Problem description.
What is needed is an exact copy of the lines from the one containing "لیزر پوینتر دوربرد" through the last line of the records below, with no pictures.

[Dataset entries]

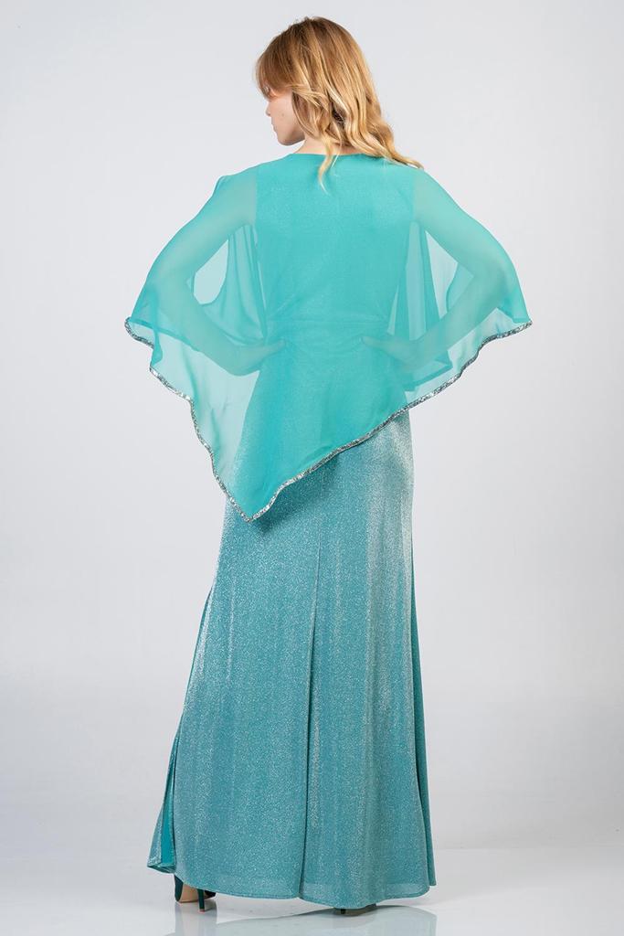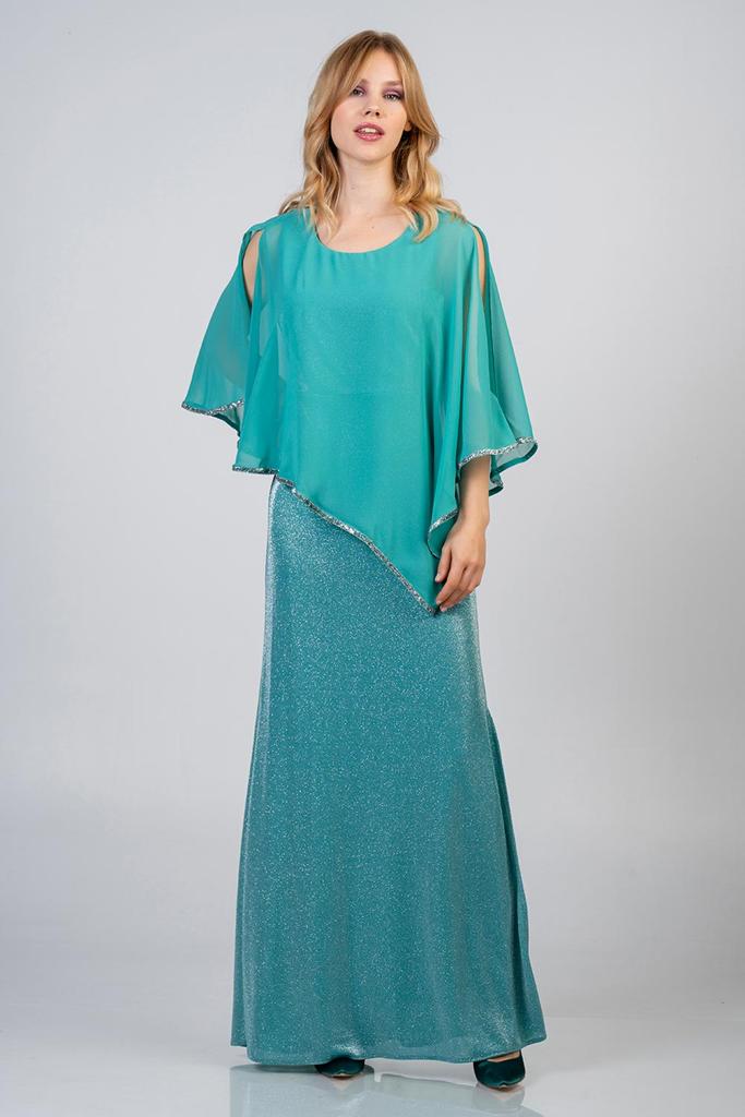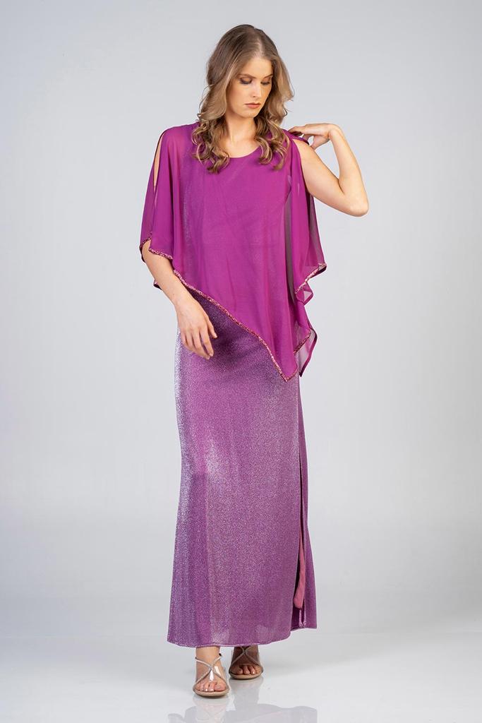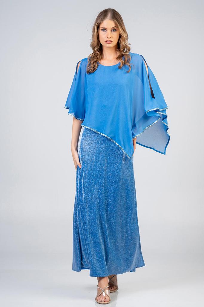 Maxi φόρεμα με γκλίτερ και τούλι. Το φόρεμα έχει γοργονέ εφαρμογή και από πάνω τούλι με άνοιγμα στους ώμους
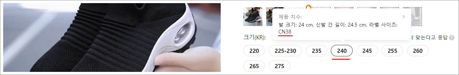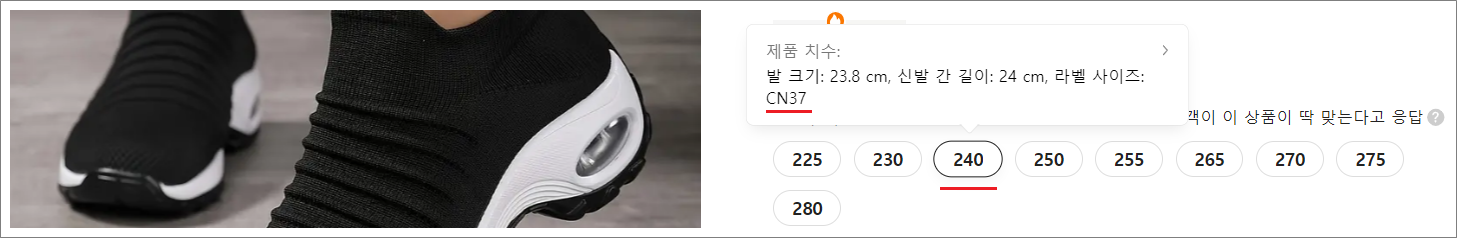 인터넷 쇼핑몰에서 240cm 사이즈를 구입하면 신발이 240cm에 맞게 제작된 것이 아니라 중국의 37cn~39cn 사이즈를 240cm로 표기해서 판매한다는 뜻입니다.
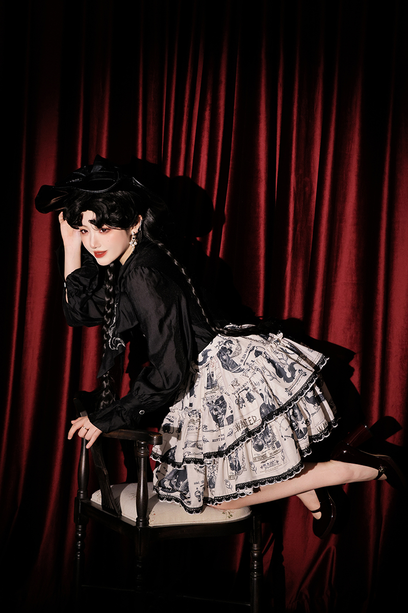 长袖纯色雪纺领巾衬衫三层蛋糕短裙秋套装魔女悬赏令W小姐的书架
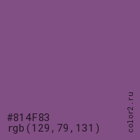 Цвет #814F83 в цветовой модели RGB обозначается тремя октетами (129, 79, 131) в десятичном формате и #814F83 в шестнадцатиричном (hex) формате, которые являются интенсивностью красного 129 (hex 81), интенсивность зелёного 79 (hex 4F) и интенсивность синего 131 (hex 83).
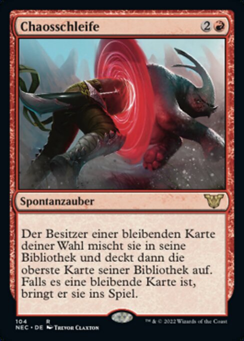 ![]() Variations— Parts— | Chaos WarpThe owner of target permanent shuffles it into their library, then reveals the top card of their library. If it's a permanent card, they put it onto the battlefield.
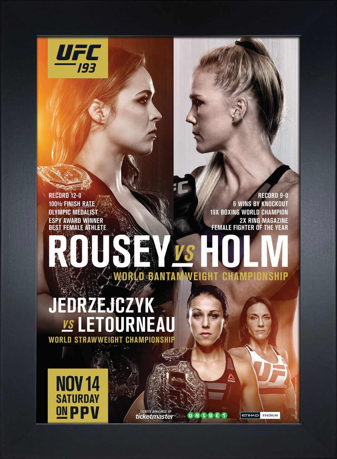 This 9" x 13" replica UFC 193 event poster is printed and framed in a handsome flat black frame. The result is a beautiful piece of UFC history that can be hung right on your wall as is.
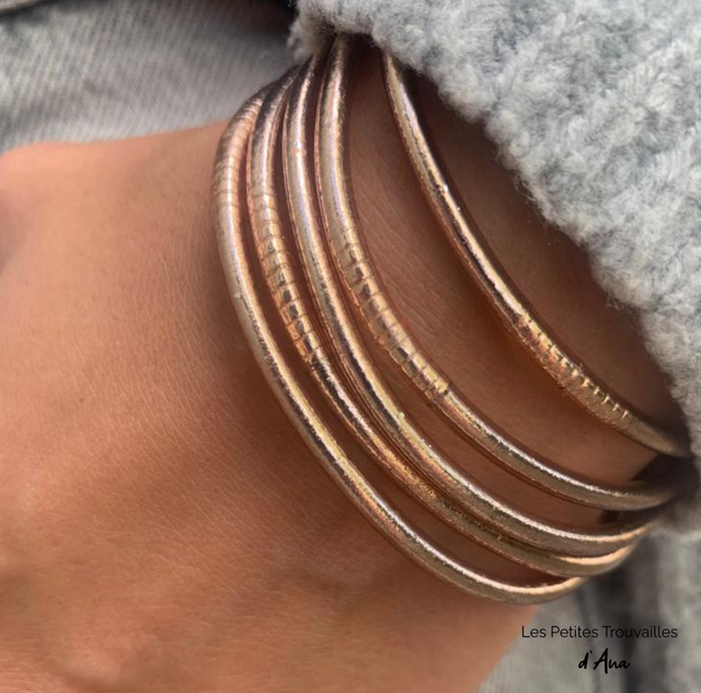 ⋄ Ce sont des bracelets souples qui sont gravés d’un mantra qui porte chance
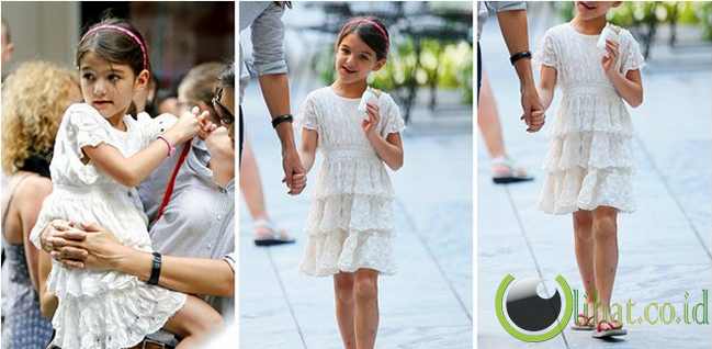Terdambakan - Baju terusan warna putih ini sangat manis untuk gadis seusia Suri. Bagian bawah berupa lipatan tumpuk sangat disukai anak perempuan. Suri tidak lepas dari bando kesayangannya. Yang paling penting, Suri sudah tidak pernah tertangkap kamera memakai high heels. Sekarang Suri lebih sering terlihat memakai sandal jepit yang cute.
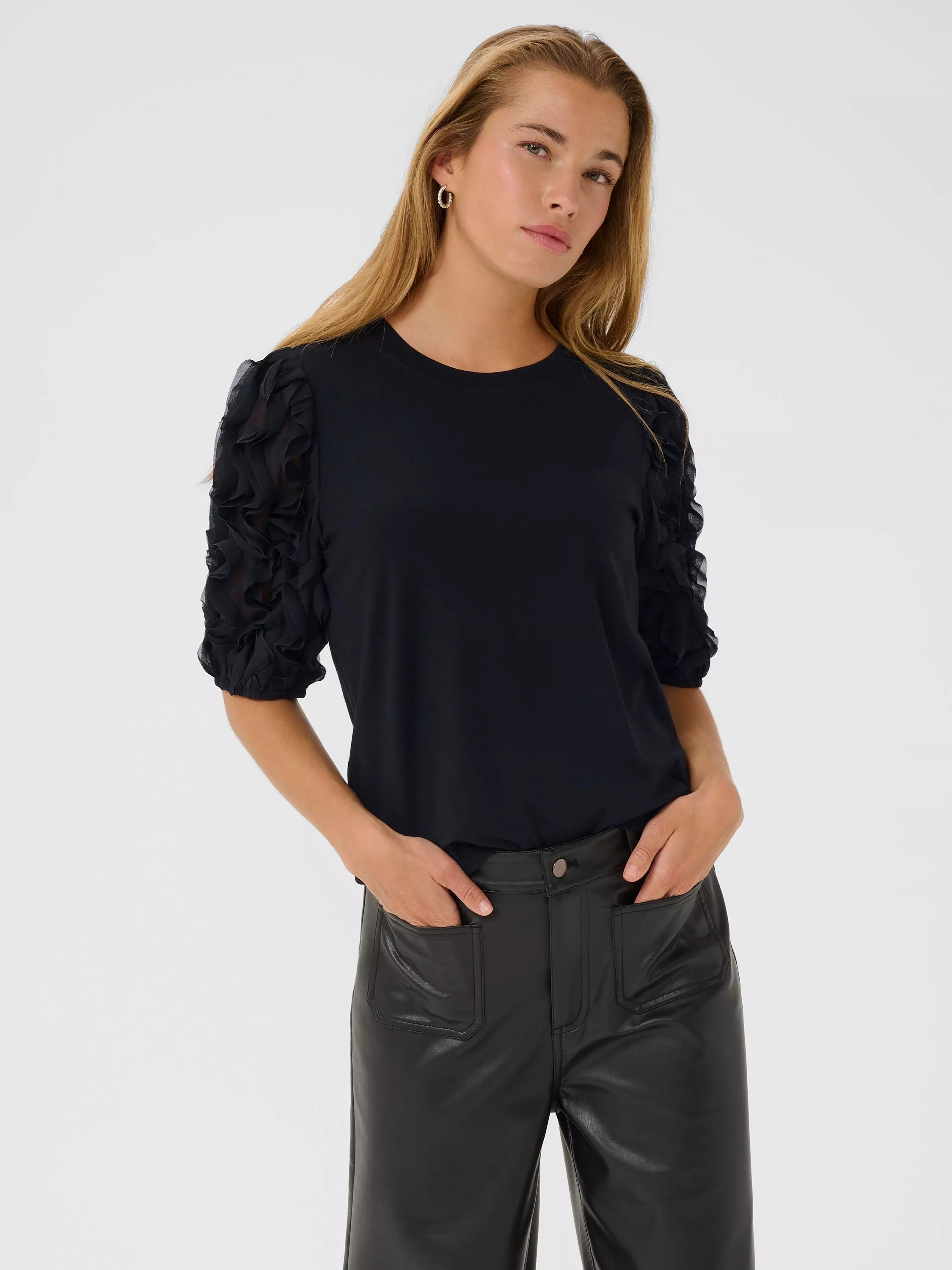 A T-shirt from KAFFE, made from a soft viscose blend. With a crew neck and short sleeves, its embellished finish makes it a wear-everywhere essential.
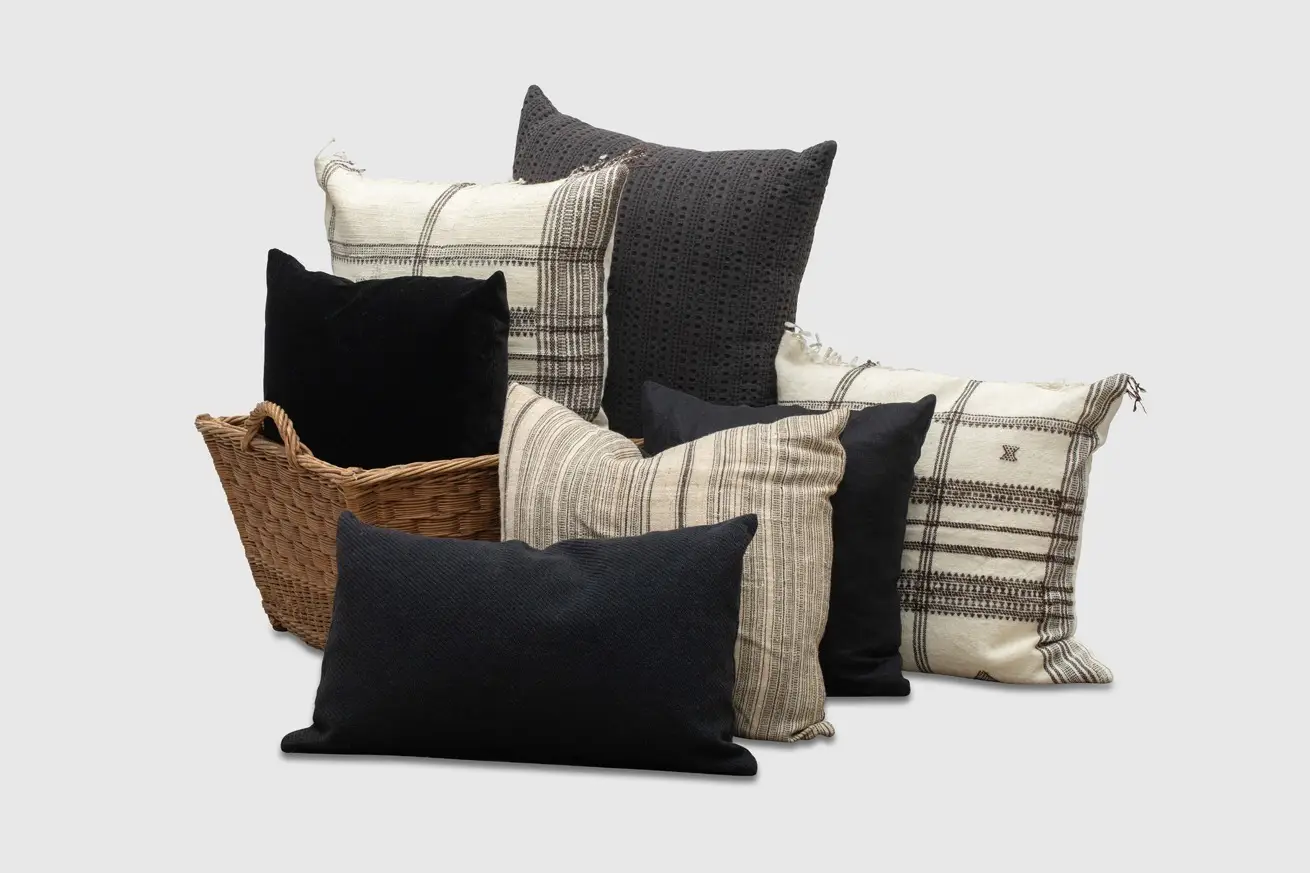 Set of 3 Black Velvet or Black Textured Pillows.
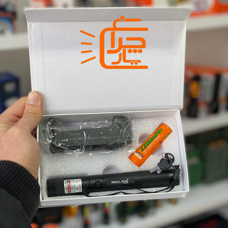 لیزر پوینتر دوربرد اسمال سان | مدل ZY-303 پرتوی سبز قدرتمند با برد فوقالعاده تا 12 کیلومتر با باتری ۲۴۰۰ میلی آمپری اسمال سان و یک عدد شارژر باتری
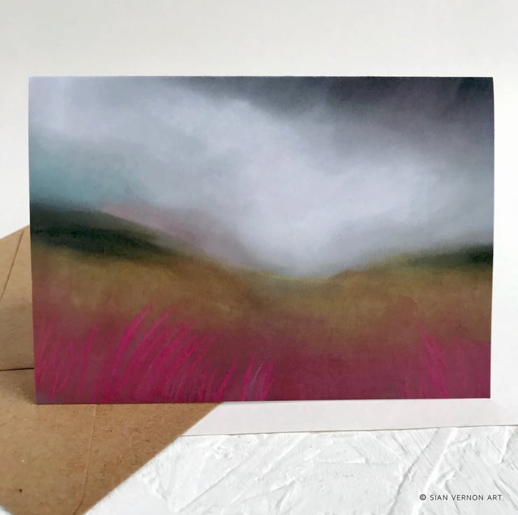An impressionistic painting of a rain storm approaching over the moors in the Dark Peak area of the Peak District National Park, this beautiful colourful greetings card is blank inside and suitable for any occasion. Perfect for someone who likes hill-walking, climbing or generally rambling around in the countryside.
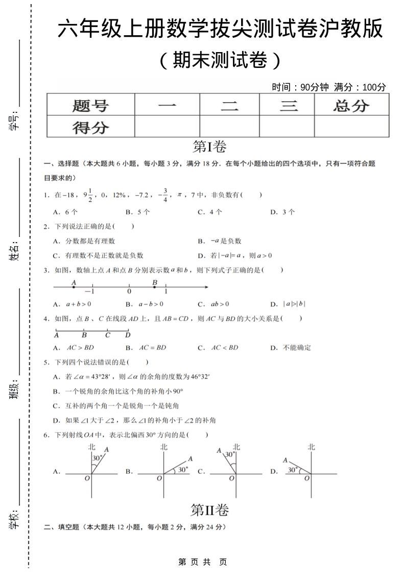 当前位置:首页学科年级六年级六年级上数学期末测试卷8《沪教版》
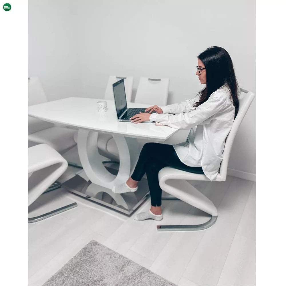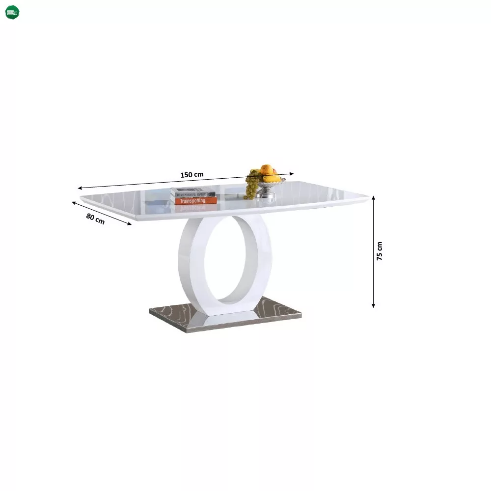 Étkezőasztal, fehér magas fény/acél, 150x80 cm, ZARNI
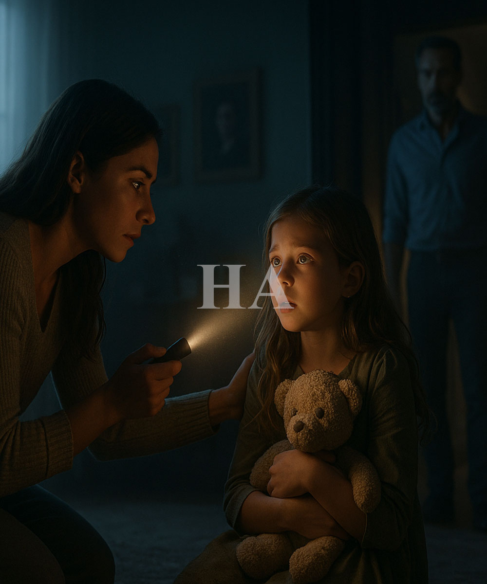 Esperó hasta que Clara estuviera sentada tranquilamente en el pasillo, sosteniendo su oso de peluche como de costumbre. Elena tomó su teléfono de nuevo y encendió la linterna. fingiendo estar arreglando algo cerca de un gabinete. Luego movió lentamente la mano de un lado a otro entre la luz y la cara de Clara, proyectando sombras claras.
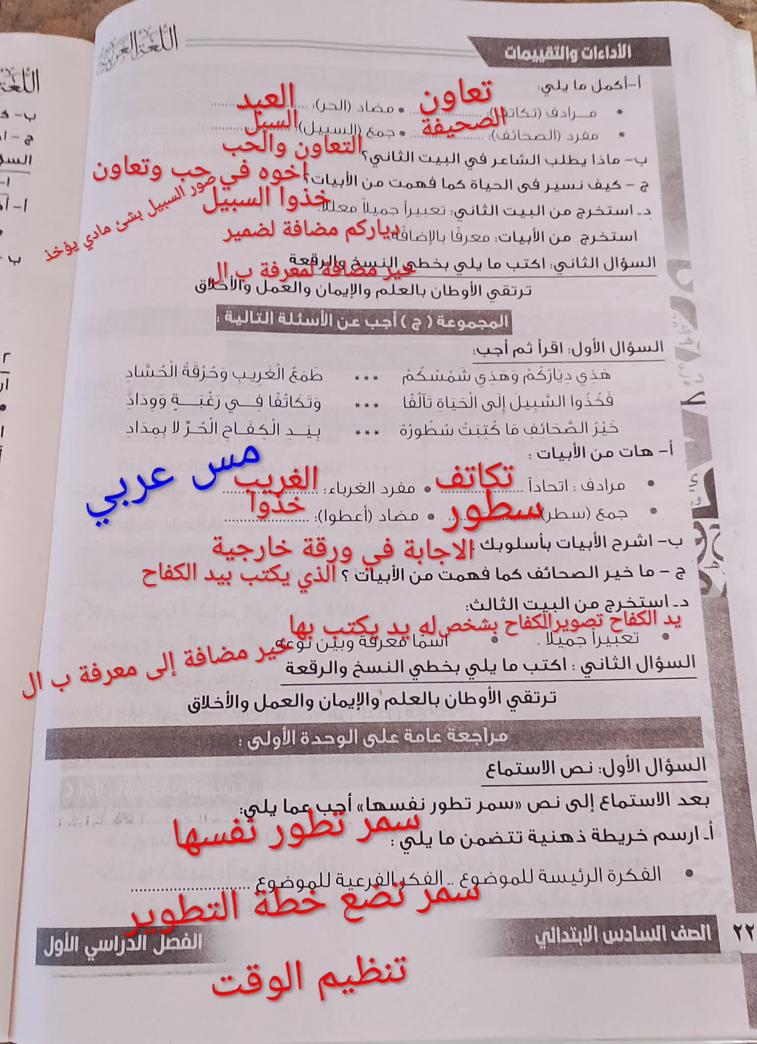 حل كتاب التقييمات للصف السادس الابتدائي اللغة العربية

Solved exercise.
 لیزر پوینتر دوربرد اسمال سان | مدل ZY-303 پرتوی سبز قدرتمند با برد فوقالعاده تا 12 کیلومتر با باتری ۲۴۰۰ میلی آمپری اسمال سان و یک عدد شارژر باتری
An impressionistic painting of a rain storm approaching over the moors in the Dark Peak area of the Peak District National Park, this beautiful colourful greetings card is blank inside and suitable for any occasion. Perfect for someone who likes hill-walking, climbing or generally rambling around in the countryside.
 当前位置:首页学科年级六年级六年级上数学期末测试卷8《沪教版》
 Étkezőasztal, fehér magas fény/acél, 150x80 cm, ZARNI
 Esperó hasta que Clara estuviera sentada tranquilamente en el pasillo, sosteniendo su oso de peluche como de costumbre. Elena tomó su teléfono de nuevo y encendió la linterna. fingiendo estar arreglando algo cerca de un gabinete. Luego movió lentamente la mano de un lado a otro entre la luz y la cara de Clara, proyectando sombras claras.
 حل كتاب التقييمات للصف السادس الابتدائي اللغة العربية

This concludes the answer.